This post is a follow up to my last one – admittedly on the late side – but I got some great feedback on that one and decided to let the ideas germinate a bit before I put them to paper. Now I am doing so.
In the post I expressed the opinion that the industry should reconsider using the term “Investment-Only Variable Annuity” to describe a “back-to-basics” contract with few or no guaranteed benefits. IOVAs are but one manifestation of the industry’s secular de-risking trend.
A good number of industry people agreed with me, that “investment-only” might prompt watchdogs or legislators to say things like: “oh, so it’s only an investment vehicle, and not for income taking? Then why should we allow owners to defer taxes on those assets?”
I also had an informal conversation on the subject with one of the speakers at last month’s LIMRA/LOMA/SOA Retirement Conference, who agreed with my concern, and told me that even now there are legislators contemplating putting a cap on tax deferral in insurance products.
The rub is, as I noted in the last issue of The Soleares Report, the IOVA acronym seems to have become such a part of industry parlance that it’s probably here to stay. So as if to solve for that, some folks have started to use the term “investment-focused” VAs. That makes sense to me.
All that said, there is another concern out there regarding the IOVA concept – one that can’t be ignored – and which gets into the title of this post (it was voiced by another contact, who won’t be named, in response to the last blog).
The issue is that the typical VA without guarantees has an inherent shortcoming, namely that its fees are high compared to other investments (especially index funds and ETFs), and these expenses cause a drag on performance. This drag, or differential, is what some people (like my unnamed contact) are calling a “delta” which can make it extra difficult to justify the sale of an IOVA.
Moreover if one starts thinking about selling a VA in a qualified plan or IRA, where the tax deferral aspect would be redundant, there might be even more of a need for some feature or benefit on the contract.

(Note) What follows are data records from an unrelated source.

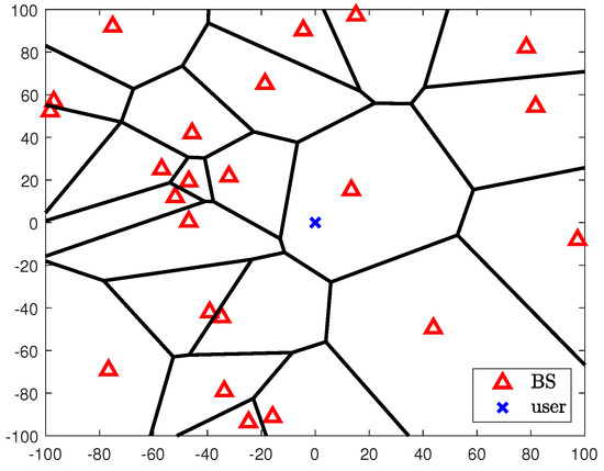 In this network model, the spectral efficiency is investigated for an arbitrary user. By Slivnyak–Mecke’s theorem [33], the user is assumed to be located at the origin without loss of generality The user located at the origin is denoted by the index k and the serving BS of user k by . When the distance from the BS i and the user k is denoted by , the homogeneous PPP is defined as . In Figure 1, a PPP-based cellular network model is illustrated with . From the described cellular network model, the received signal of the user k is expressed by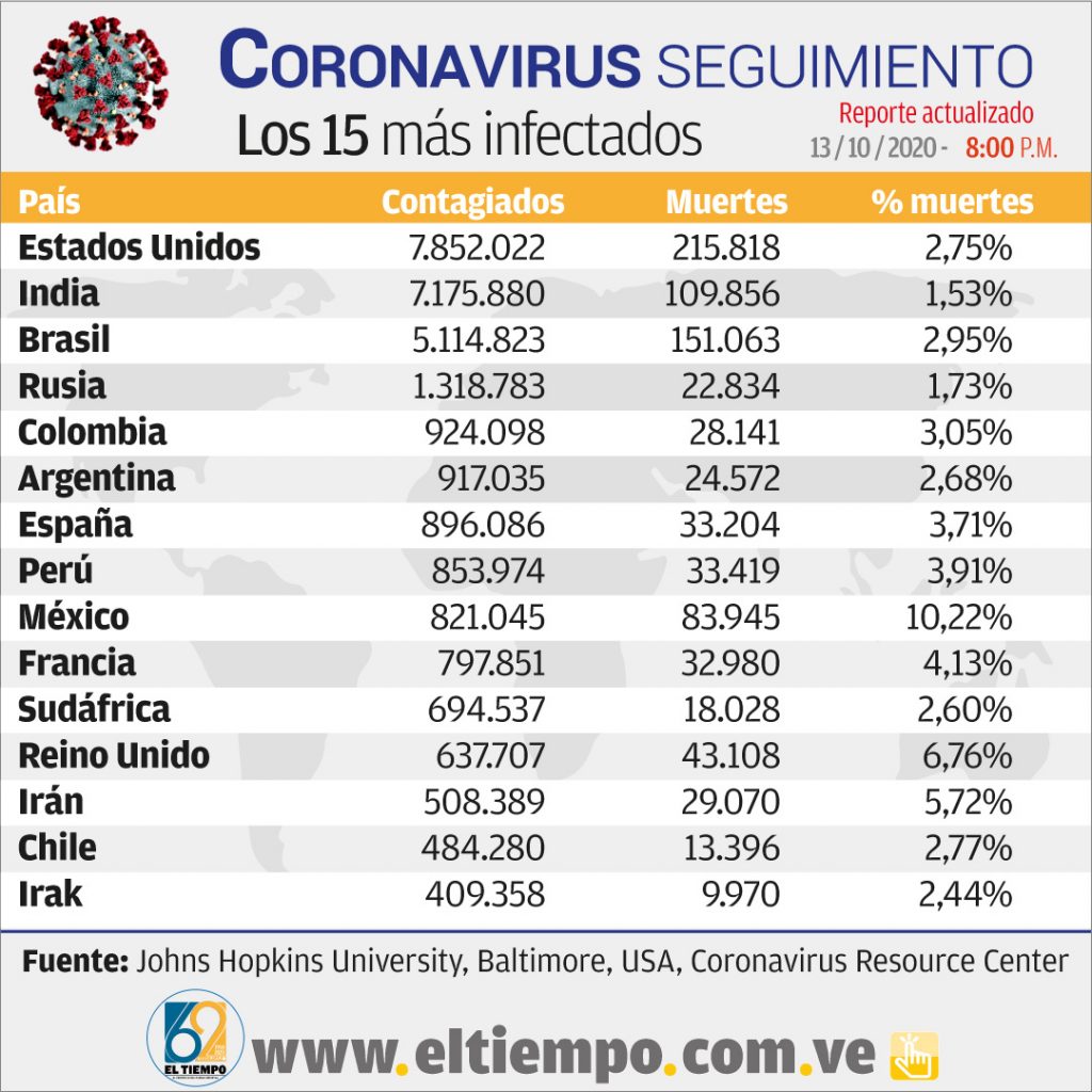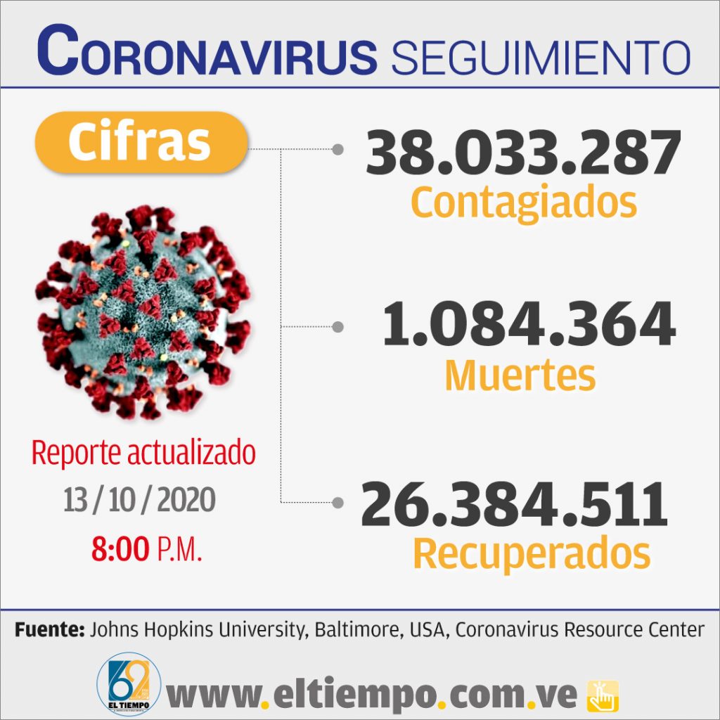 A 38.033.287 se elevaron este martes #13Oct los casos confirmados de coronavirus en todo el mundo, de acuerdo con el conteo de la Universidad Johns Hopkins de Baltimore.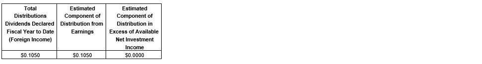 Past performance is no guarantee of future results. Investment returns and principal will fluctuate and shares, when sold, may be worth more or less than the original cost. Current performance may be lower or higher than the performance data quoted. Net asset value returned data include investment management fees, custodial charges, bank loan expenses and administrative fees (such as director and legal fees), and assume the reinvestment of all distributions. The company is subject to investment risk, including the possible loss of principal. Total return based on net asset value reflects changes in the company's net asset value during each period. Total return based on market price reflects changes in market value.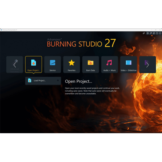 Nové Ashampoo Burning Studio 27 představuje nejpohodlnější způsob, jak bezpečně vypálit data a bez námahy kopírovat disky CD, DVD a Blu-ray. Ripujte zvukové disky a zálohujte hudbu nebo si vytvářejte vlastní hudební kompilace s vhodným obalem! Další špičkové multimediální funkce vám také umožňují vytvářet vlastní filmy a prezentace a dokonce je vypalovat na disk spolu s elegantními animovanými nabídkami. Rozlučte se se ztrátou dat, okamžitě zálohujte soubory a zapisujte důležitá data na jakýkoli typ disku s výkonnou kompresí a ochranou heslem. A nové funkce pro pohodlné používání audioknih, audiopřehrávání a podcastů zaručují vysoce kvalitní zábavu!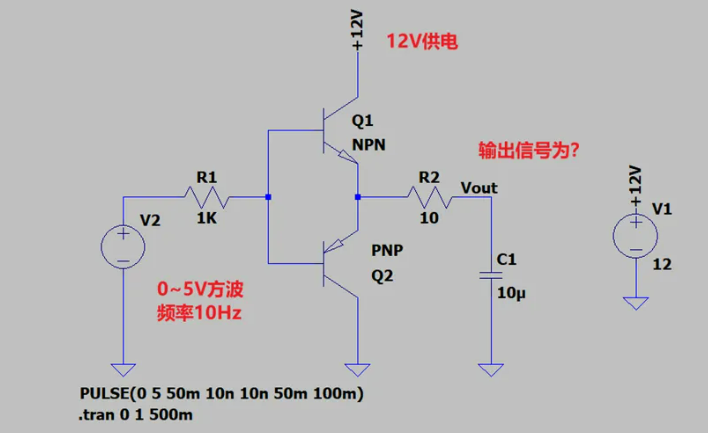 以上均是射极跟随器的应用,那么这样再看推挽输出电路,是不是就有点眼熟了呢?**推挽就是一个NPN型的射极跟随加上一个PNP型的射极跟随!**那么例如下图,输入为一个5V频率为10HZ的方波,假设Vbe=0.7V,那么请问输出波形是什么(不考虑RC滤波)?

This thought arose during some insurers’ Q1 earnings calls (see the May 11 issue of the report). Analysts asked whether proposed new Department of Labor fiduciary rules might discourage qualified sales of VAs without guarantees. I thought insurance execs were somewhat cagey in their answers. A few hinted that if their production on the Q side were to slow, they would find ways to ramp it up in other channels. Others weren’t worried because they think living benefit sales will never totally go away because there remains such demand for them (I agree with that, although benefits should become steadily more modest).

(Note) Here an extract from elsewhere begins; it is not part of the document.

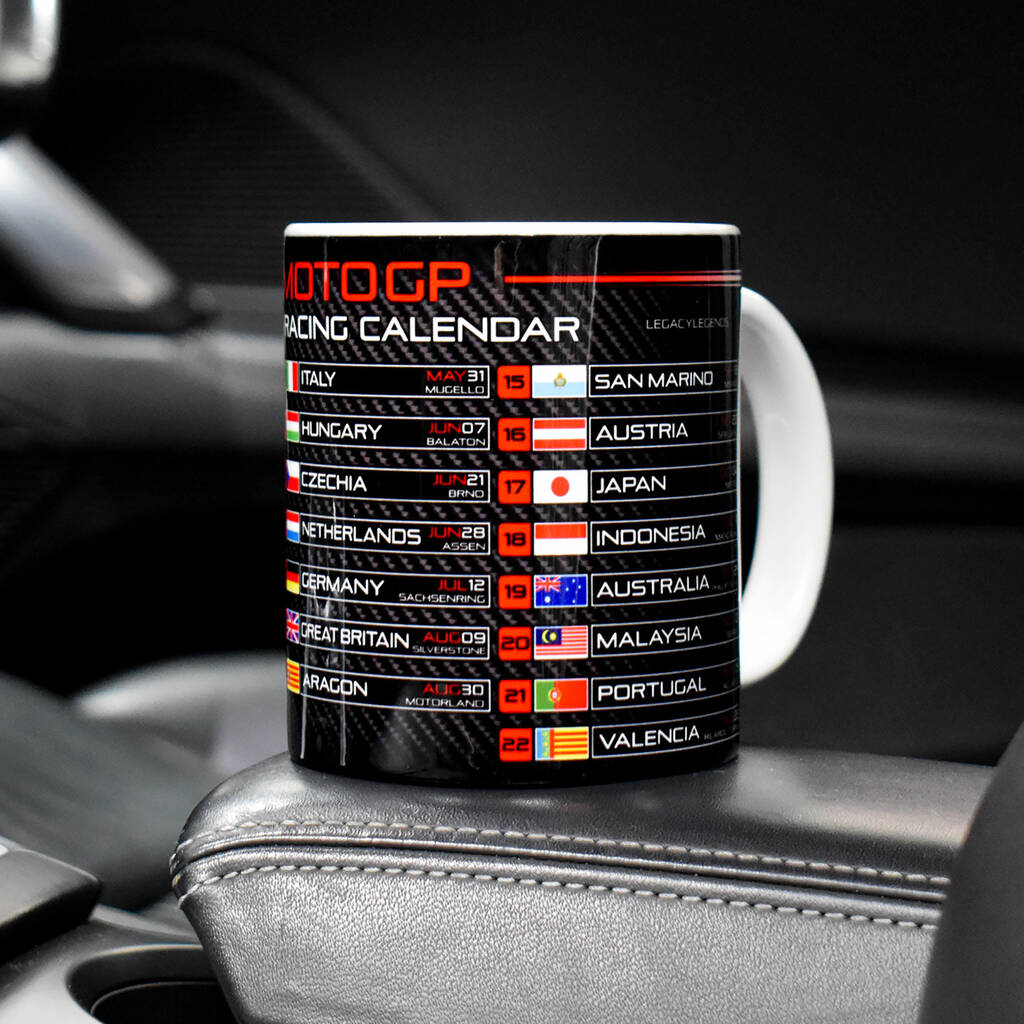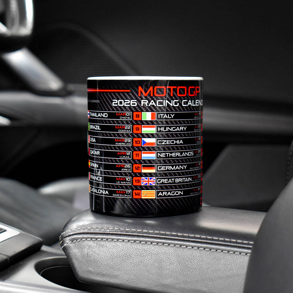 Introducing the Moto 2026 Circuits Mug – a thrilling tribute to the premier motorcycle racing series that captivates the world. Immerse yourself in the excitement of the Moto GP season with this special mug, showcasing the exhilarating race circuits for 2026 in a stylish and functional design. Features all Grand Prix names, Country coloured track outlines and finished with a carbon fiber background. All printed on a high-quality ceramic gloss mug.Start your day with the intensity of a race weekend or wind down with a leisurely drink while reliving the memorable moments from the track.Whether you're a dedicated Moto GP fan or a casual observer of Motorsport excellence, this mug is a collector's item that captures the essence of the 2026 racing season. It's the perfect way to commemorate your favourite races, anticipate upcoming events, and celebrate the incredible skills of the world's top riders.Get ready to embark on a journey through the 2026 season, one sip at a time.They are dishwasher and microwave safe. We have tested them extensively to ensure to receive a first class product.Each mug is securely packaged to make sure you receive your mug damage free.0.32 U.S. Quart - 0.3 Litre - 11 O.Z Mugs

So it seems that IOVAs could face some headwinds, although those with very low fees may not be in such trouble. I think that any way to dress up the IOVA would be welcome. Already some carriers have added deferred income annuity (DIA) sleeves into their contracts – which should serve to encourage annuitization and thus income taking, which in turn help counter accusations that the products are meant only for accumulation.
In closing, I’ll simply say that the next few years should be a time that will tell us whether or not the appeal of IOVAs will wane. During that period I expect insurers will be adding more innovations and enhancements to the concept, and am looking forward to seeing what those will be.
One more thing: there will not be an issue of The Soleares Report published this coming Monday due to our annual Memorial Day observance. I hope you all have a great holiday.